━━━━━ Raw data
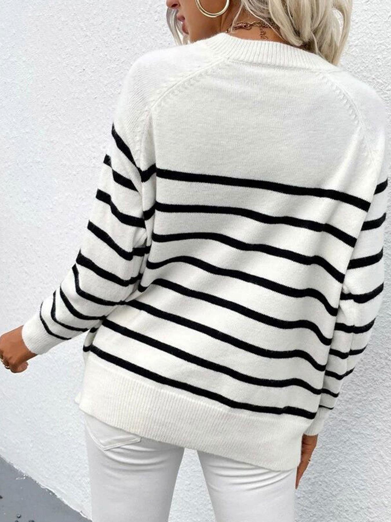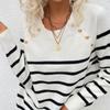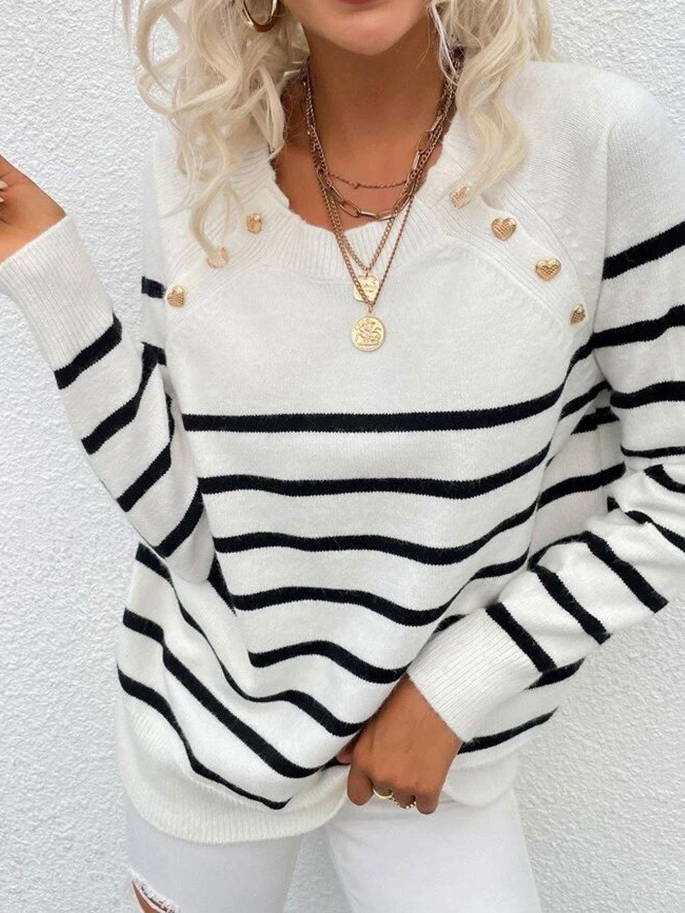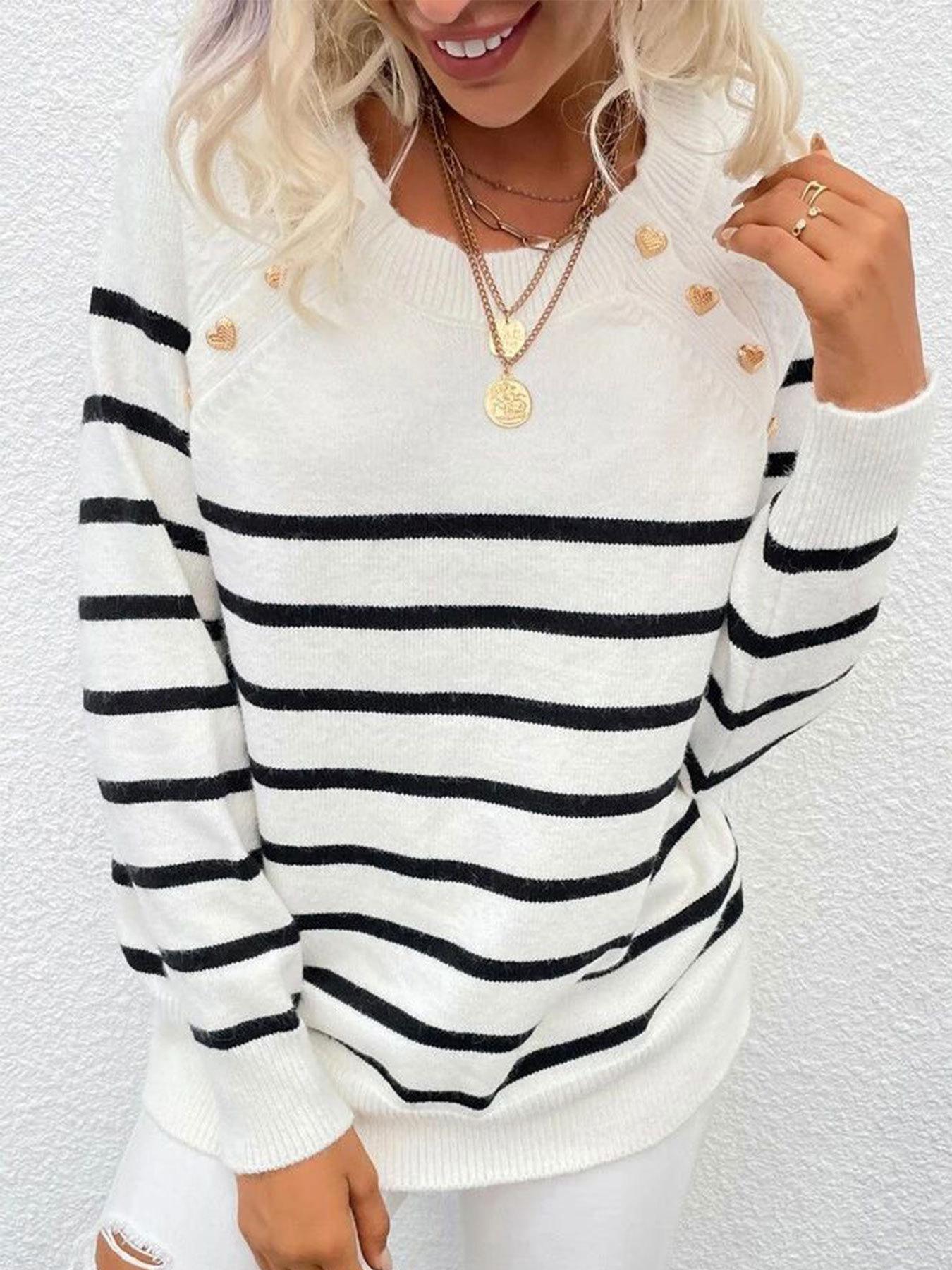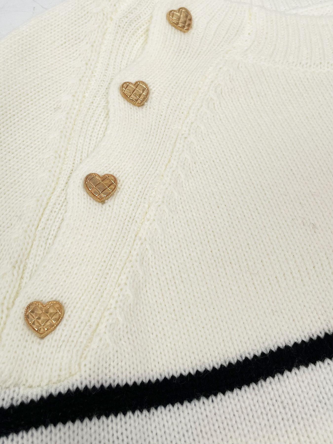 Suéter Pulóver Casual Versátil Estilo Europeo y Americano Nuevo de Punto con Contraste a Rayas Suelto con Botón de Corazón para Mujer Otoño e Invierno 2025
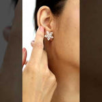These exquisite earrings showcase a stunning floral design with a celestial twist. Each earring features a star-shaped motif composed of five petals, each intricately adorned with a myriad of sparkling diamonds. The openwork design of the petals creates a delicate and airy feel, allowing light to pass through and enhance the brilliance of the diamonds. At the center of each flower lies a larger stone, drawing attention and adding depth to the design. The combination of the star-like form and the floral inspiration gives these earrings a unique and elegant look, perfect for adding a touch of glamour to any ensemble.
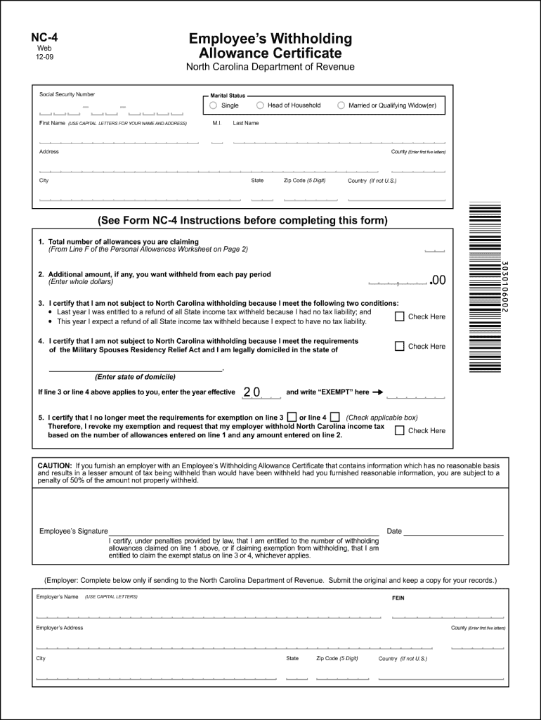 Find and fill out the correct 2009 nc form
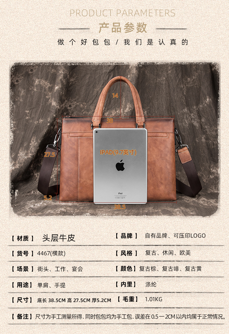 Chiếc túi này mang phong cách hoài cổ, được làm từ chất liệu da bò mềm mại và bền chắc. Thiết kế dáng túi công sở lịch sự, có qu đeo chéo và qu xách tay linh hoạt, phù hợp cho nhiều hoàn cảnh sử dụng. Bạn có thể mang đi làm, đi gặp đối tác hay dùng trong các chuyến du lịch ngắn ngày. Sản phẩm có nhiều ngăn tiện lợi để đựp máy tính, tài liệu và các vật dụng cá nhân khác một cách gọn gàng. | Tên sản phẩm: Túi Xách Nam Chất Liệu Da Bò Phục Cổ Cổ Điển - Túi Xách Ví Nam | Mã sản phẩm: A4185 - Giá: 1.900.000đ | Mã nhà sản xuất: GUDNG-G05Hình ảnh sản phẩm
━━━━━━━━━━
Aim of the task: Pictures aside, retype the material exactly.

Result of the exercise:
 Suéter Pulóver Casual Versátil Estilo Europeo y Americano Nuevo de Punto con Contraste a Rayas Suelto con Botón de Corazón para Mujer Otoño e Invierno 2025
These exquisite earrings showcase a stunning floral design with a celestial twist. Each earring features a star-shaped motif composed of five petals, each intricately adorned with a myriad of sparkling diamonds. The openwork design of the petals creates a delicate and airy feel, allowing light to pass through and enhance the brilliance of the diamonds. At the center of each flower lies a larger stone, drawing attention and adding depth to the design. The combination of the star-like form and the floral inspiration gives these earrings a unique and elegant look, perfect for adding a touch of glamour to any ensemble.
 Find and fill out the correct 2009 nc form
 Chiếc túi này mang phong cách hoài cổ, được làm từ chất liệu da bò mềm mại và bền chắc. Thiết kế dáng túi công sở lịch sự, có qu đeo chéo và qu xách tay linh hoạt, phù hợp cho nhiều hoàn cảnh sử dụng. Bạn có thể mang đi làm, đi gặp đối tác hay dùng trong các chuyến du lịch ngắn ngày. Sản phẩm có nhiều ngăn tiện lợi để đựp máy tính, tài liệu và các vật dụng cá nhân khác một cách gọn gàng. | Tên sản phẩm: Túi Xách Nam Chất Liệu Da Bò Phục Cổ Cổ Điển - Túi Xách Ví Nam | Mã sản phẩm: A4185 - Giá: 1.900.000đ | Mã nhà sản xuất: GUDNG-G05Hình ảnh sản phẩm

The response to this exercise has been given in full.